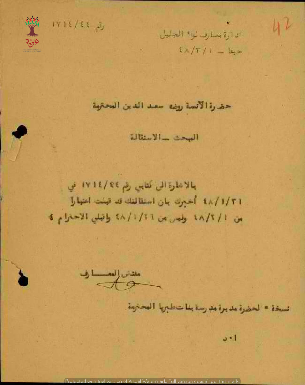مجموعة رسائل بخصوص قبول استقالة المعلمة روضة سعد الدين
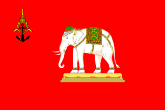 This is a red flag with a white elephant in full caparison – standing on a raised dais facing the flagpole. In the top right-hand corner is a yellow crown above a black anchor with a yellow cord dangling from it.
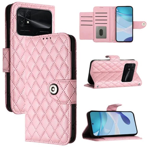 Para Xiaomi Poco C40 Funda para Teléfono de Cuero con Tapa con Textura Rómbica y Cordón (Rosa)
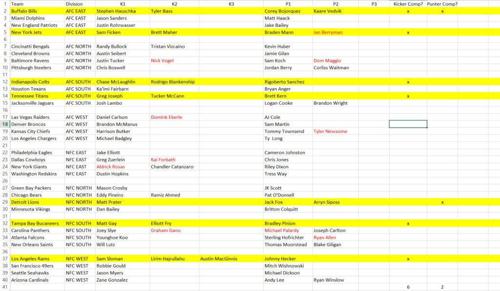 „Pace brought up the idea that you may have to carry a kicker on your practice squad“
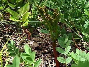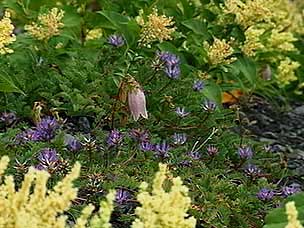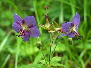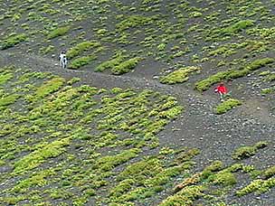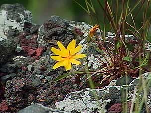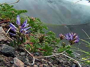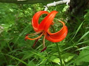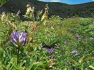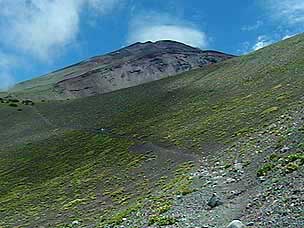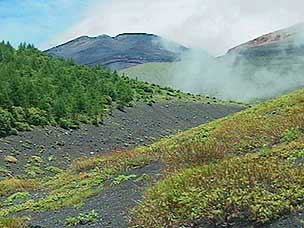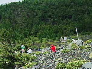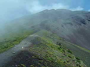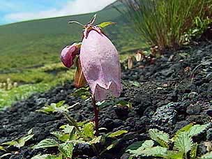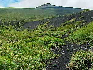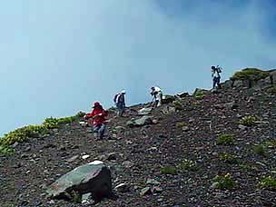 今回は富士山自然探訪、「自然散策・観察情報」で紹介しているコースです。7月下旬から8月上旬にかけては高地の草花が一斉に咲き競い、このコースでも毎年様々な草花が私たちを楽しませてくれます。5合目の駐車場は満車でしたが運良く空いて駐車することができました。宝永遊歩道に入ると、タカネグンナイフウロ、タカネバラ、クルマユリなどの花々が私たちを迎えてくれます。今回は植物に詳しい和田さんと磯田さんが加わり、現地で解説を聞きながらの楽しい散策になりました。宝永火口を横切り、第三火口下の御殿庭に下ります。荒原にはオンタデ、オノエイタドリ、ムラサキモメンヅルなどが咲いています。時折ガスが上がってきてはすぐに晴れるといった空模様です。小天狗塚での昼食は強い風とガスの中、小天狗塚を砂礫地まで下りるとまた穏やかな青空に、森を歩くうちに今度は雷と雨が・・・。運良く本格的に降る前に御殿場口にたどりつきました。(参加者8名) |
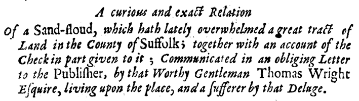 Sandstorms and migrating dunes in the English countryside? This whole area of East Anglia, a low-lying and very dry area of heath known as Breckland, or “the Brecks,” is covered in sand beneath the surface, sand that was derived from the geological rubbish left behind by the Ice Age glaciers and the meltwater rivers that poured across the bedrock chalk of the region. As climatic conditions - and man’s activities - changed, the sands would become active and accumulate into dune fields, marching across the Brecks. Periods of activity were interspersed with periods of stability, the sands covered by soil until they broke free once more. A first-hand account of the inundation of Santon Downham was written by a resident, Thomas Wright, who, in 1668, described in a letter to the Royal Society, published in its Philosophical Transactions, the encroachment of the sand and his struggles to preserve his house; he also suggested the origin of the sand and his ideas turn out to be quite accurate. For a very modest sum, the original letter can be downloaded from the Royal Society archives, and it makes for fascinating reading. Here’s the title (remember the old ufe of “f’s” for “s’s”):
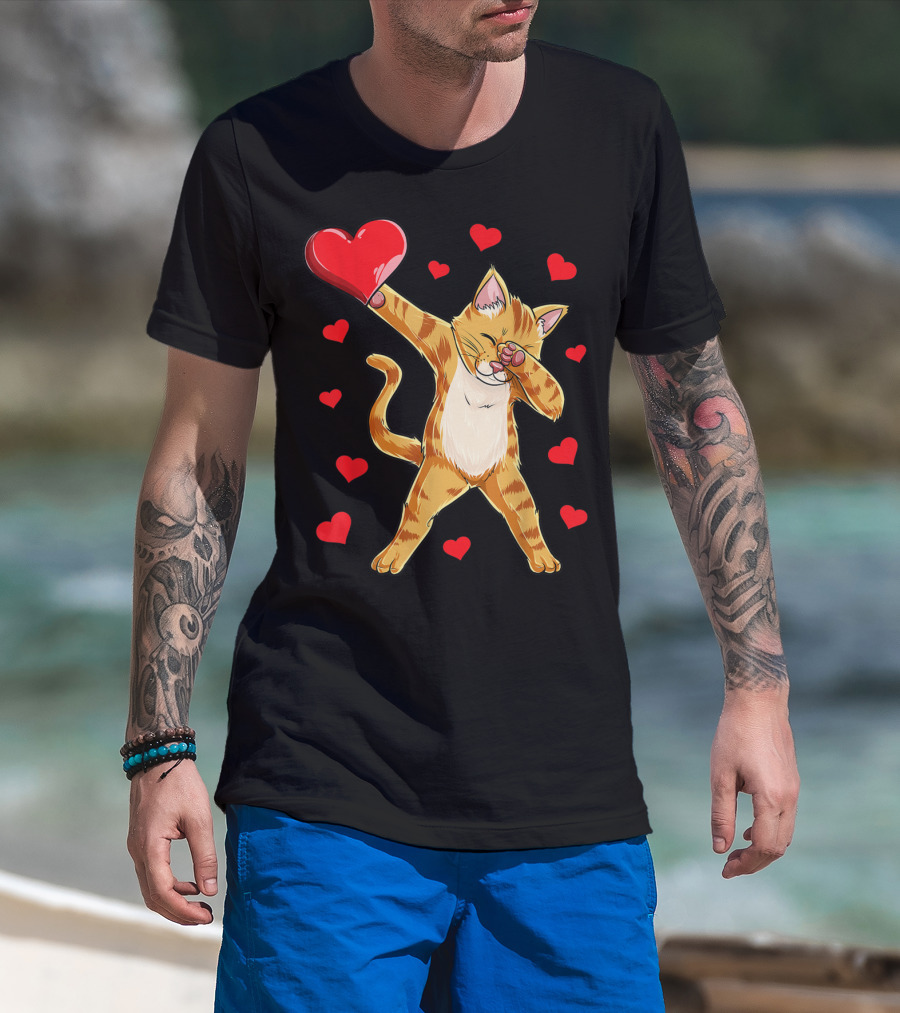 Dabbing Cat Heart Valentines Day Girls Kitten Lover 14 T-Shirt
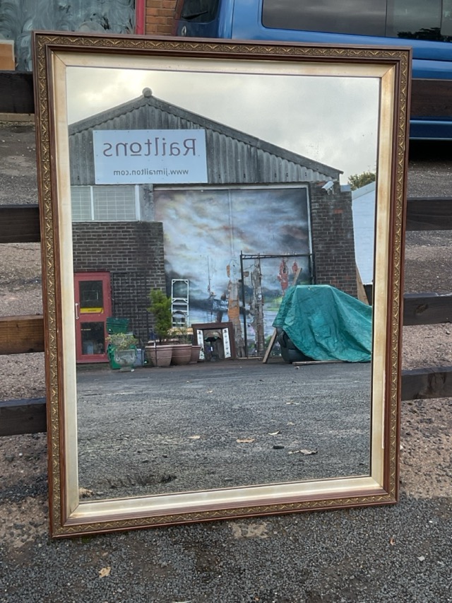 A large Edwardian rectangular mirror in moulded frame with gilt embossed band and silvered slip. (45in x 35in)

--- --- ---

> **Directions for this task**:
Could you output every record above exactly as it appears, without the pictures?

> **Exercise output**:
مجموعة رسائل بخصوص قبول استقالة المعلمة روضة سعد الدين
 This is a red flag with a white elephant in full caparison – standing on a raised dais facing the flagpole. In the top right-hand corner is a yellow crown above a black anchor with a yellow cord dangling from it.
 Para Xiaomi Poco C40 Funda para Teléfono de Cuero con Tapa con Textura Rómbica y Cordón (Rosa)
 „Pace brought up the idea that you may have to carry a kicker on your practice squad“
 今回は富士山自然探訪、「自然散策・観察情報」で紹介しているコースです。7月下旬から8月上旬にかけては高地の草花が一斉に咲き競い、このコースでも毎年様々な草花が私たちを楽しませてくれます。5合目の駐車場は満車でしたが運良く空いて駐車することができました。宝永遊歩道に入ると、タカネグンナイフウロ、タカネバラ、クルマユリなどの花々が私たちを迎えてくれます。今回は植物に詳しい和田さんと磯田さんが加わり、現地で解説を聞きながらの楽しい散策になりました。宝永火口を横切り、第三火口下の御殿庭に下ります。荒原にはオンタデ、オノエイタドリ、ムラサキモメンヅルなどが咲いています。時折ガスが上がってきてはすぐに晴れるといった空模様です。小天狗塚での昼食は強い風とガスの中、小天狗塚を砂礫地まで下りるとまた穏やかな青空に、森を歩くうちに今度は雷と雨が・・・。運良く本格的に降る前に御殿場口にたどりつきました。(参加者8名) |
 Sandstorms and migrating dunes in the English countryside? This whole area of East Anglia, a low-lying and very dry area of heath known as Breckland, or “the Brecks,” is covered in sand beneath the surface, sand that was derived from the geological rubbish left behind by the Ice Age glaciers and the meltwater rivers that poured across the bedrock chalk of the region. As climatic conditions - and man’s activities - changed, the sands would become active and accumulate into dune fields, marching across the Brecks. Periods of activity were interspersed with periods of stability, the sands covered by soil until they broke free once more. A first-hand account of the inundation of Santon Downham was written by a resident, Thomas Wright, who, in 1668, described in a letter to the Royal Society, published in its Philosophical Transactions, the encroachment of the sand and his struggles to preserve his house; he also suggested the origin of the sand and his ideas turn out to be quite accurate. For a very modest sum, the original letter can be downloaded from the Royal Society archives, and it makes for fascinating reading. Here’s the title (remember the old ufe of “f’s” for “s’s”):
 Dabbing Cat Heart Valentines Day Girls Kitten Lover 14 T-Shirt
 A large Edwardian rectangular mirror in moulded frame with gilt embossed band and silvered slip. (45in x 35in)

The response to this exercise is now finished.